Until this week there was a playground here. You may be able just to make out the yellow seats of a see-saw, slightly to the left of the centre of the picture. But on Monday the sounds of innocent play mingled with the incipient bullying of older children were replaced by buzz saws and diggers.
This is the view out of my window, and over the next four months I shall have to get used to a different aural landscape. The good news is that when the work is over — in June or July — we'll have an even better public space, including a 'quiet garden' under the beautiful old plane tree (some branches of which are visible on the left of the picture). Here's a
plan of how it's intended to be laid out (the window from which the picture was taken is about a third of the way up the left-hand side of the plan).
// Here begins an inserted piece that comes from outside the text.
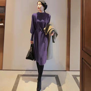 ZADY~羊毛针织连衣裙女高领长袖套头时尚中长款毛衣羊绒衫新款
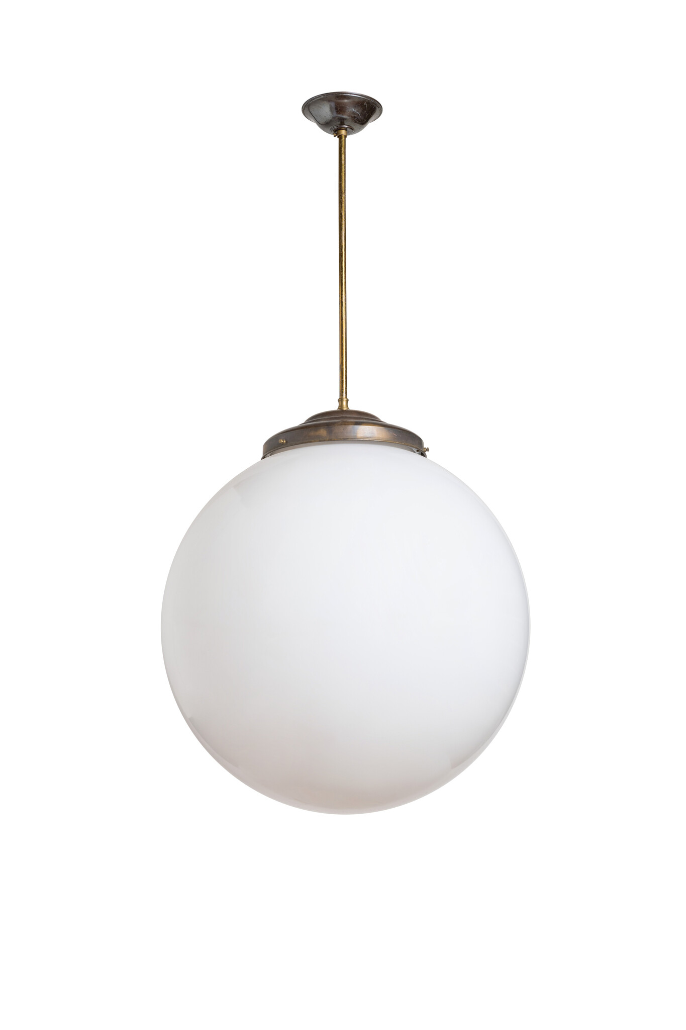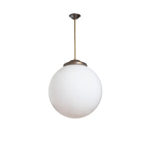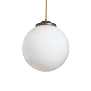 A brown-colored fixture with a white glass ball.

The area in the foreground has been in Quaker ownership since 1661, and, between then and 1855, 12,000 people were buried here in unmarked graves, including George Fox, founder of the movement (see
more details). In fact, the area had already been used for burials before that, the name Bunhill being derived from 'Bone Hill'.
In the top right of the picture, between the buildings, you can see Bunhill Fields burial ground. This ground, unconsecrated by the Church of England, was used for burials from 1315 to 1854, and is the resting place for many religious non-conformists and freethinkers who were not welcome in church cemeteries: William Blake, Daniel Defoe, John Bunyan and Susanna Wesley are buried here. John Wesley, founder of the Methodist Church, is buried just the other side of Bunhill Fields in
Wesley's Chapel. Here's a
wonderful walking tour of the area, including its history and some good photographs.
To my shame, I was only vaguely aware of the Quaker heritage of this area until we got a leaflet about the changes to Quaker Gardens yesterday. The
Bunhill Fields Quakers are still active at the
Friends Meeting House just behind our building. We will join them one day.
I love being enfolded in the legacy of pacifism and radicalism: these bones surely make fertile ground for new life.